BEGIN Exercise data
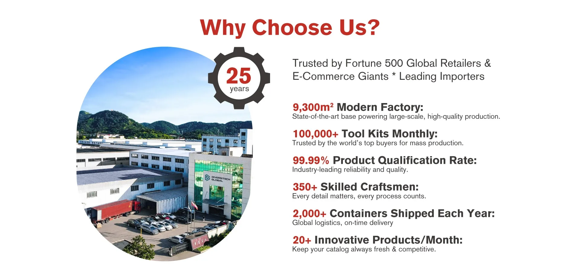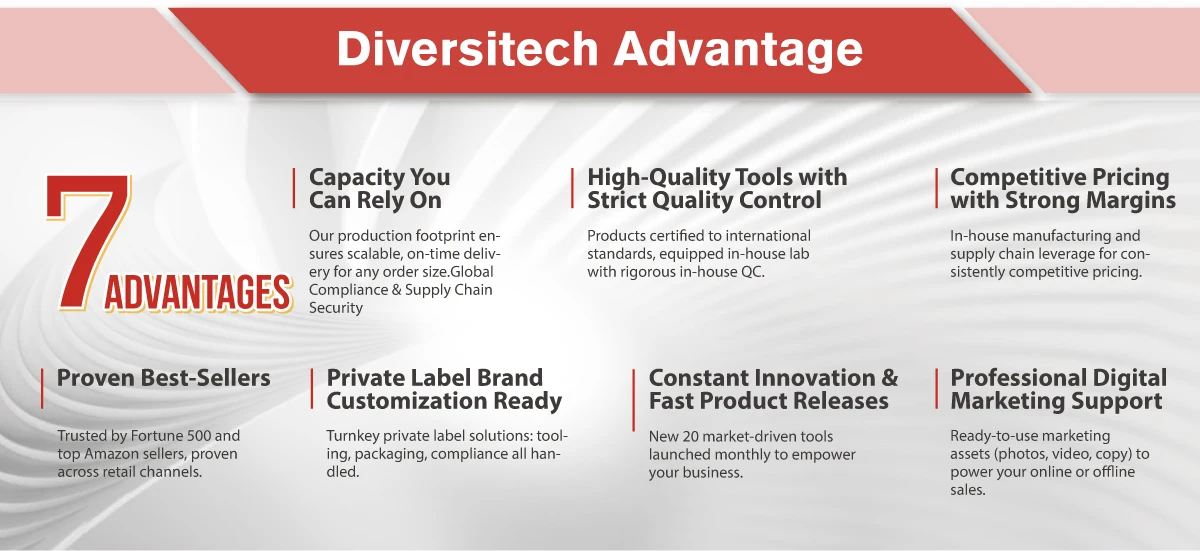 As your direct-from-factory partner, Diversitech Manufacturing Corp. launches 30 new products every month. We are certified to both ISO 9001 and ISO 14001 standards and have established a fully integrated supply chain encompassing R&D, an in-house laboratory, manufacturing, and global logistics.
END Exercise data
BEGIN Exercise data
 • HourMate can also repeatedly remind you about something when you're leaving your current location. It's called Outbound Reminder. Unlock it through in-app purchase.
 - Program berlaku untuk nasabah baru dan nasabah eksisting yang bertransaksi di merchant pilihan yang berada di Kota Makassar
END Exercise data
BEGIN Exercise data
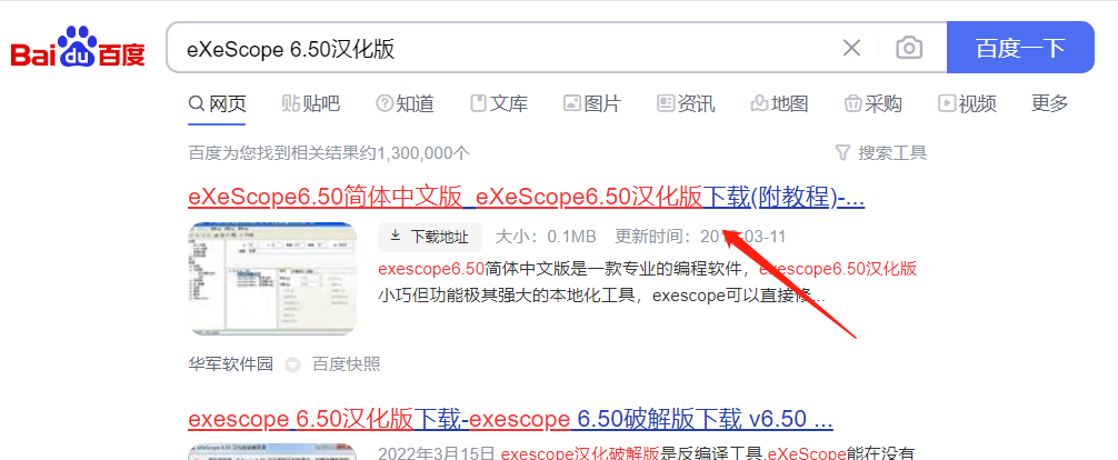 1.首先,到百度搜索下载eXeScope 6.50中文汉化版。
END Exercise data
Exercise description: From the data above, output only the lines between the line containing "through in-app purchase." and the line containing "- Program berlaku", inclusive, exactly as written.

Exercise response:
 • HourMate can also repeatedly remind you about something when you're leaving your current location. It's called Outbound Reminder. Unlock it through in-app purchase.
 - Program berlaku untuk nasabah baru dan nasabah eksisting yang bertransaksi di merchant pilihan yang berada di Kota Makassar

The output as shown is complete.